Выбрать главу

– Понятно. А кроме кавы там что-нибудь есть?

– Ты им про ронго-ронго расскажи. У нас в Кунсткамере пара штук есть, еще Миклуха привез. Это такая древняя рапануй-ская клинопись, да, Юра?

– Скорее, иероглифика.

– Один хрен. Ну вот, и такая эта письменность хитрожопая…

– Омонимическая, папа.

– Ну, я и говорю, – такая, что во всем мире, со всеми компьютерами никто ни хрена прочесть не мог. Сто лет ходили вокруг все мозголомы из всех Оксфордов и Лэнгли – и не смогли. А потом все-таки прочли, но кто прочел? А, Евстратыч?

– Ну откуда я знаю… китайцы?

– А вот хрен тебе китайцы – мы! Только у нас и смогли, в Питере, кстати. Лет двадцать назад, да?

– В девяносто пятом. А знаешь, папа, я здесь уже легенду об этом слышал. Серьезно, от местного хранителя в музее, отца нашего Туя, – такой старикан интересный, абориген, без образования, у миссионеров учился, собирает фольклор, бытовую традицию, артефакты… Я записал эту легенду – хотите послушать?

– Не, мне надо хоть тактические занятия провести… Ладно, Фил, до вечера.

– А я послушаю, это любопытно.

– Очень! Он школьников водил, а я записывал подстрочным переводом.

«– Ты хочешь спрятать меня в свою говорящую раковину, Уре? О’кей…

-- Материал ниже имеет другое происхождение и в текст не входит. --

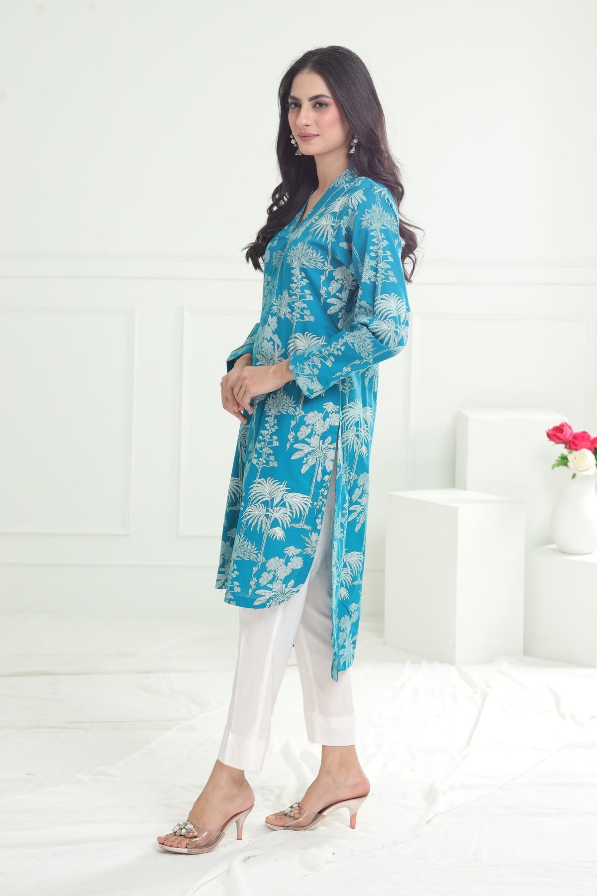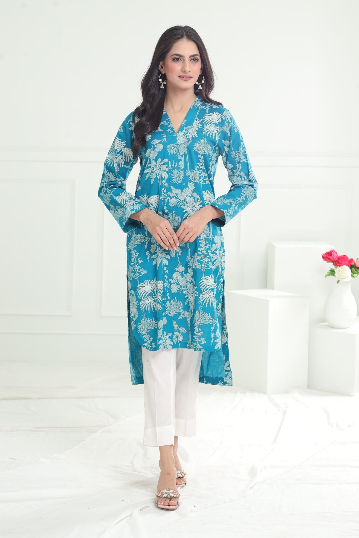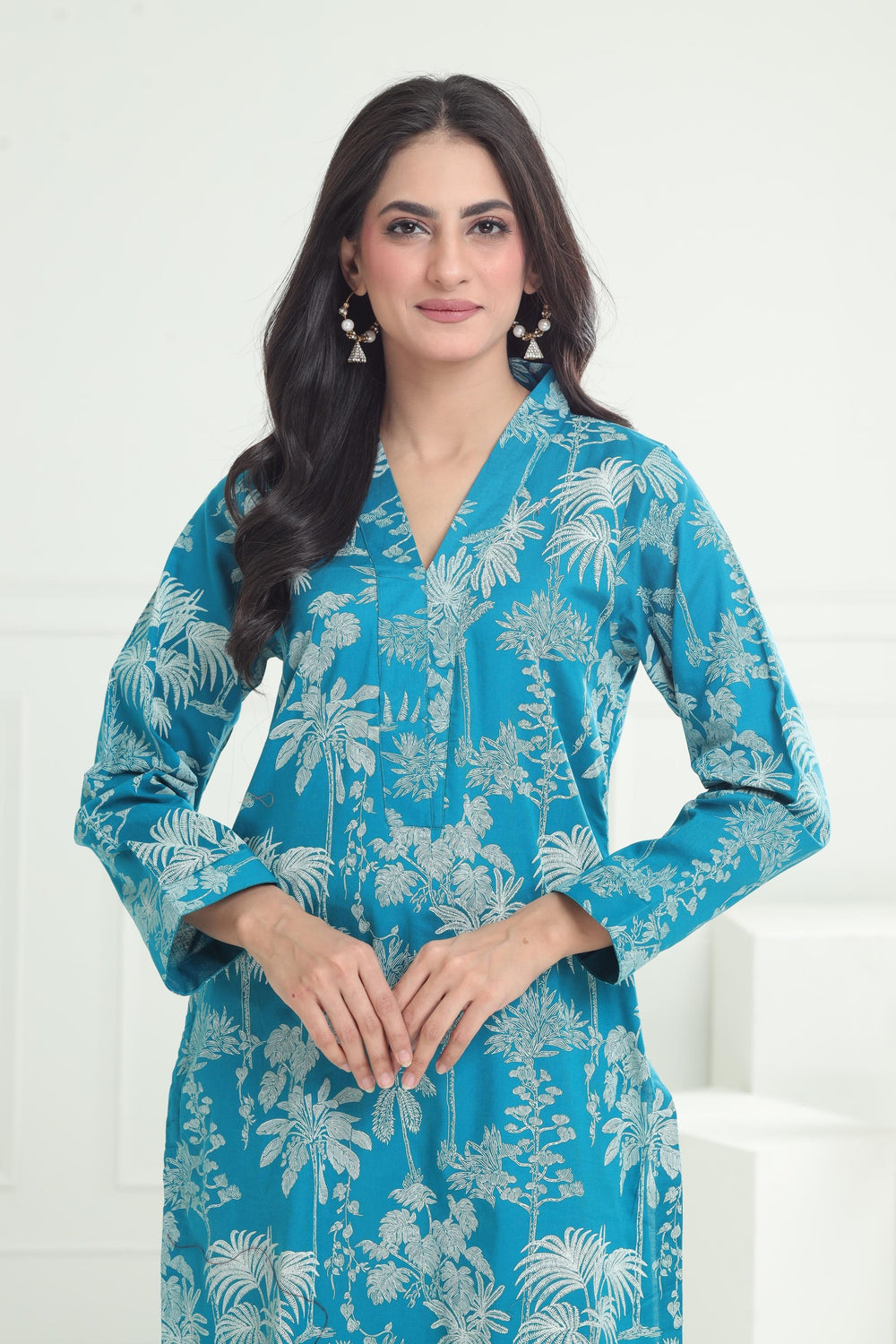 A khaddar kurti traditional garment made from handwoven cotton fabric, known for its breathable, slightly textured feel. It comes in various designs, including embroidered or printed patterns, offering both comfort and style. Ideal for cooler months, it's a popular choice for casual and semi-formal wear.
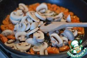 Добавить к моркови. Перемешать и продолжать жарить. -

– О’кей? Вполне американизированный туземец. А Уре – это вы?

– Да. На рапануйском это значит “сын, потомок” и звучит как “Юрий”.

– …Вот это, детки, снимки с наших знаменитых дощечек ко-хау ронго-ронго – “говорящего дерева”…

– А где сами дощечки?

– Их увезли. Они в музеях по всему миру – в самых больших музеях. Потому что они такие ценные, что к нам их теперь даже привезти нельзя…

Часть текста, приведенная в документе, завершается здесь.